BILL NUMBER: SB 1119	INTRODUCED
	BILL TEXT


INTRODUCED BY   Senator Leno

                        FEBRUARY 19, 2014

   An act to amend Section 13995.1 of the Government Code, relating
to tourism.


	LEGISLATIVE COUNSEL'S DIGEST


   SB 1119, as introduced, Leno. California Travel and Tourism
Commission.
   The California Tourism Marketing Act sets forth the findings and
declarations of the Legislature with regard to travel and tourism in
the state generally, including findings regarding state funding of
marketing.
   This bill would make technical, nonsubstantive changes to these
provisions.
   Vote: majority. Appropriation: no.
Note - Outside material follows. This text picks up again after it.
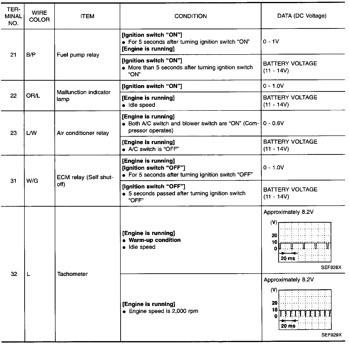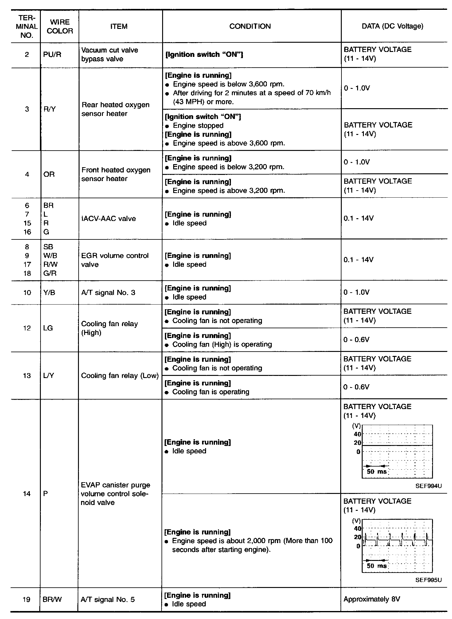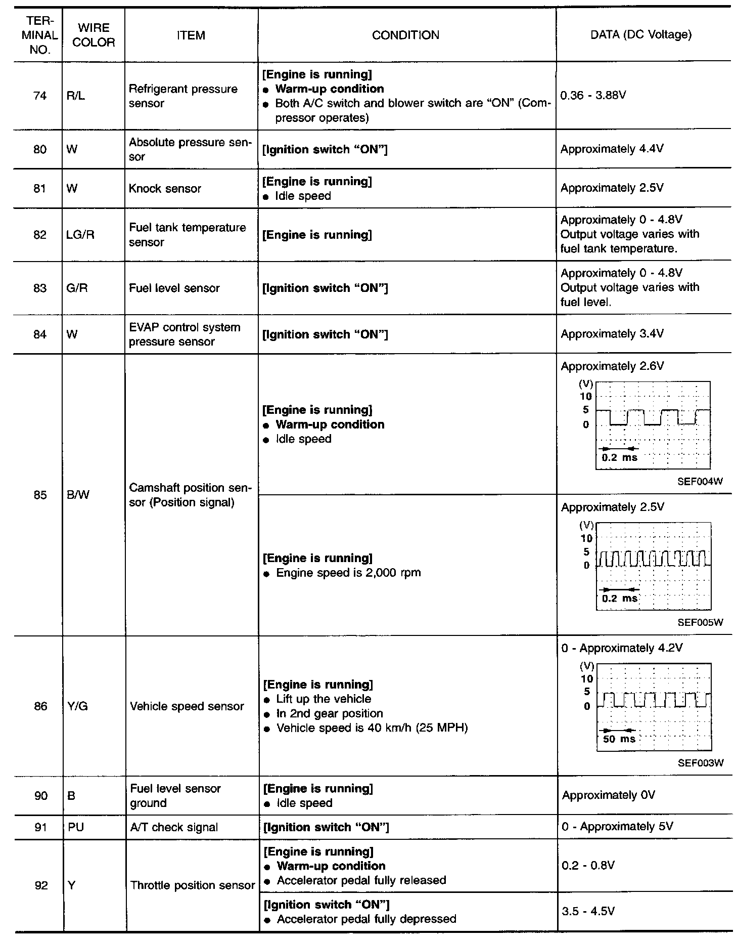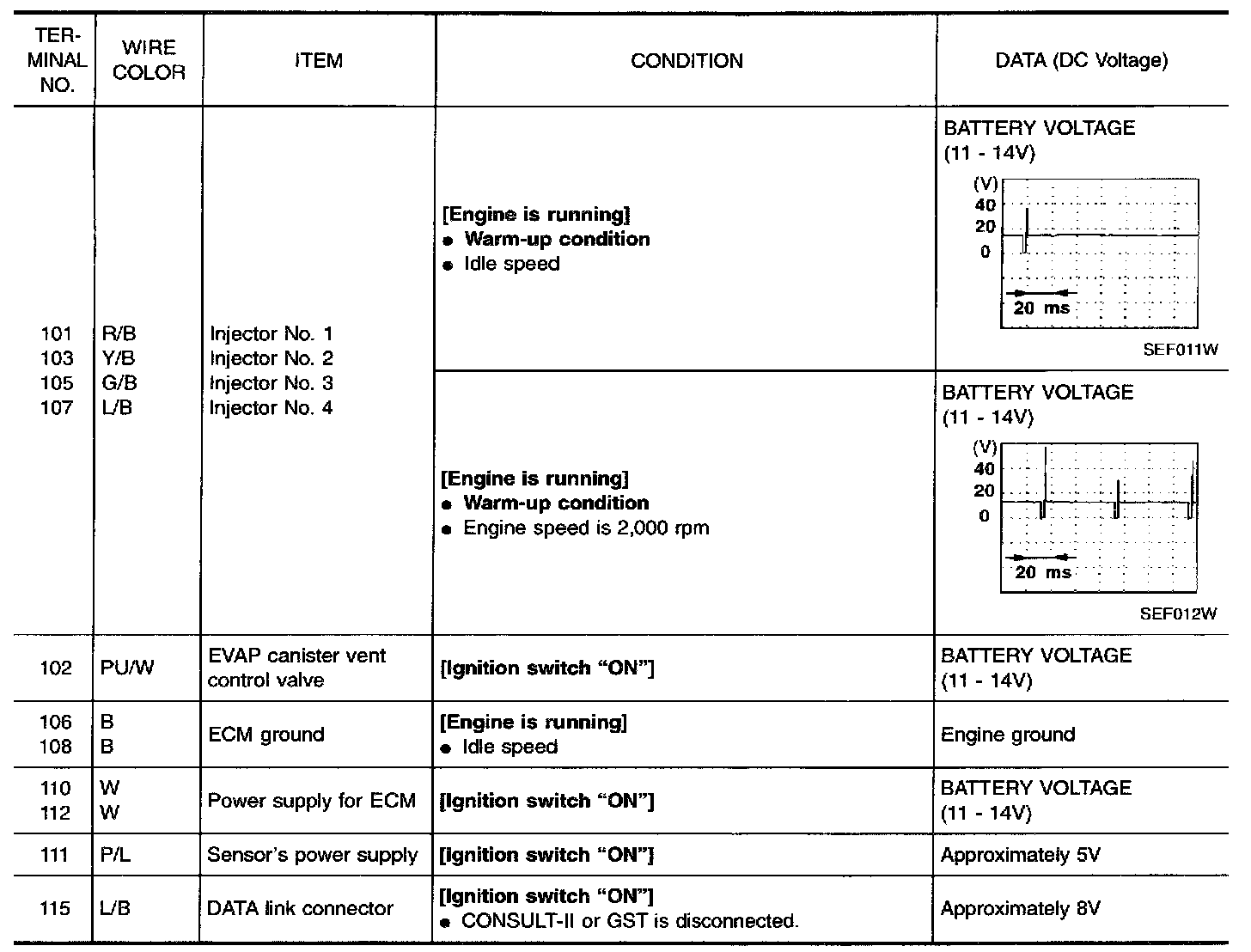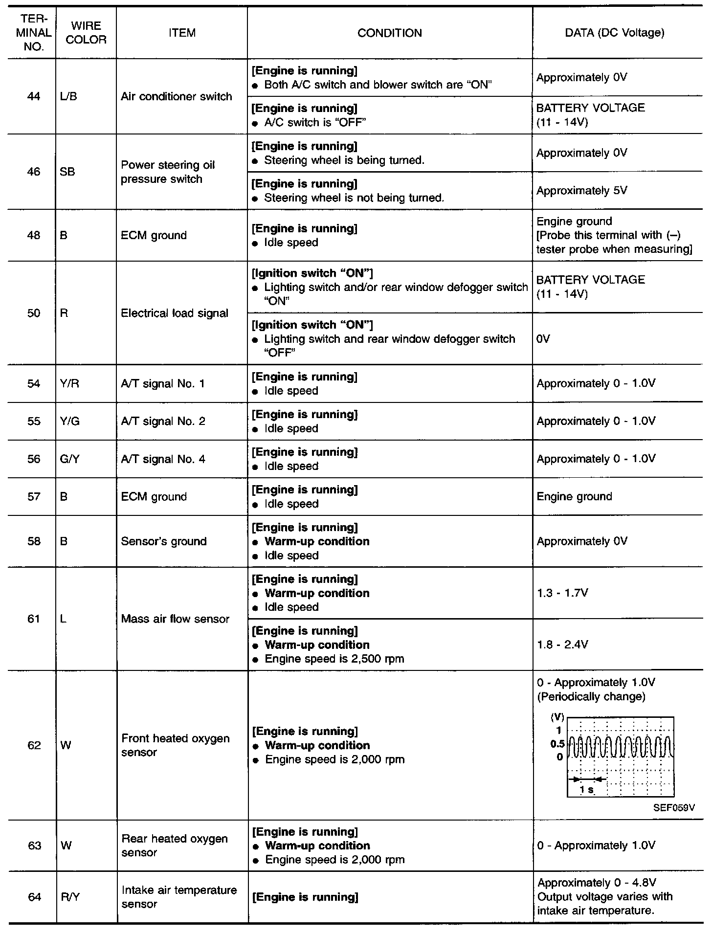 Specification data are reference values and are measured between each terminal and 48 (ECM ground).

Fiscal committee: no.
State-mandated local program: no.


THE PEOPLE OF THE STATE OF CALIFORNIA DO ENACT AS FOLLOWS:

  SECTION 1.  Section 13995.1 of the Government Code is amended to
read:
   13995.1.  The Legislature hereby finds and declares all of the
following:
   (a) Tourism is among California's biggest industries, contributing
over fifty-two billion dollars ($52,000,000,000) to the state
economy and employing nearly 700,000 Californians in 1995.
   (b) In order to retain and expand the tourism industry in
California, it is necessary to market travel to and within
California.
   (c) State funding, while an important component of marketing, has
been unable to generate sufficient  funds  
funding  to meet the threshold levels  of funding
 necessary to reverse recent losses of California's tourism
market share.
   (d) In regard to the need for a cooperative partnership between
business and industry:
   (1) It is in the state's public interest and vital to the welfare
of the state's economy to expand the market for, and develop,
California tourism through a cooperative partnership funded in part
by the state that will allow generic promotion and communication
programs.
   (2) The mechanism established by this chapter is intended to play
a unique role in advancing the opportunity to expand tourism in
California, and it is intended to increase the opportunity for
tourism to the benefit of the tourism industry and the consumers of
the State of California.
   (3) Programs implemented pursuant to this chapter are intended to
complement the marketing activities of individual competitors within
the tourism industry.
   (4) While it is recognized that smaller businesses participating
in the tourism market often lack the resources or market power to
conduct these activities on their own, the programs are intended to
be of benefit to businesses of all sizes.
   (5) These programs are not intended to, and they do not, impede
the right or ability of individual businesses to conduct activities
designed to increase the tourism market generally or their own
respective shares of the California tourism market, and nothing in
the mechanism established by this chapter shall prevent an individual
business or participant in the industry from seeking to expand its
market through alternative or complementary means, or both.
   (6) (A) An individual business's own advertising initiatives are
typically designed to increase its share of the California tourism
market rather than to increase or expand the overall size of that
market.
   (B) In contrast, generic promotion of California as a tourism
destination is intended and designed to maintain or increase the
overall demand for California tourism and to maintain or increase the
size of that market, often by utilizing promotional methods and
techniques that individual businesses typically are unable, or have
no incentive, to employ.
   (7) This chapter creates a mechanism to fund generic promotions
that, pursuant to the required supervision and oversight of the
secretary as specified in this chapter, further specific state
governmental goals, as established by the Legislature, and result in
a promotion program that produces nonideological and commercial
communication that bears the characteristics of, and is entitled to
all the privileges and protections of, government speech.
   (8) The programs implemented pursuant to this chapter shall be
carried out in an effective and coordinated manner that is designed
to strengthen the tourism industry and the state's economy as a
whole.
   (9) Independent evaluation of the effectiveness of the programs
will assist the Legislature in ensuring that the objectives of the
programs as set out in this section are met.
   (e) An industry-approved assessment provides a private-sector
financing mechanism that, in partnership with state funding, will
provide the amount of marketing necessary to increase tourism
marketing expenditures by California.
   (f) The goal of the assessments is to assess the least amount per
business, in the least intrusive manner, spread across the greatest
practical number of tourism industry segments.
   (g) The California Travel and Tourism Commission shall target an
amount determined to be sufficient to market effectively travel and
tourism to and within the state.
   (h) In the course of developing its written marketing plan
pursuant to Section 13995.45, the California Travel and Tourism
Commission shall, to the maximum extent feasible, do both of the
following:
   (1) Seek advice and recommendations from all segments of
California's travel and tourism industry and from all geographic
regions of the state.
   (2) Harmonize, as appropriate, its marketing plan with the travel
and tourism marketing activities and objectives of the various
industry segments and geographic regions.
   (i) The California Travel and Tourism Commission's marketing
budget shall be spent principally to bring travelers and tourists
into the state. No more than 15 percent of the commission's assessed
funds in any year shall be spent to promote travel within California,
unless approved by at least two-thirds of the commissioners.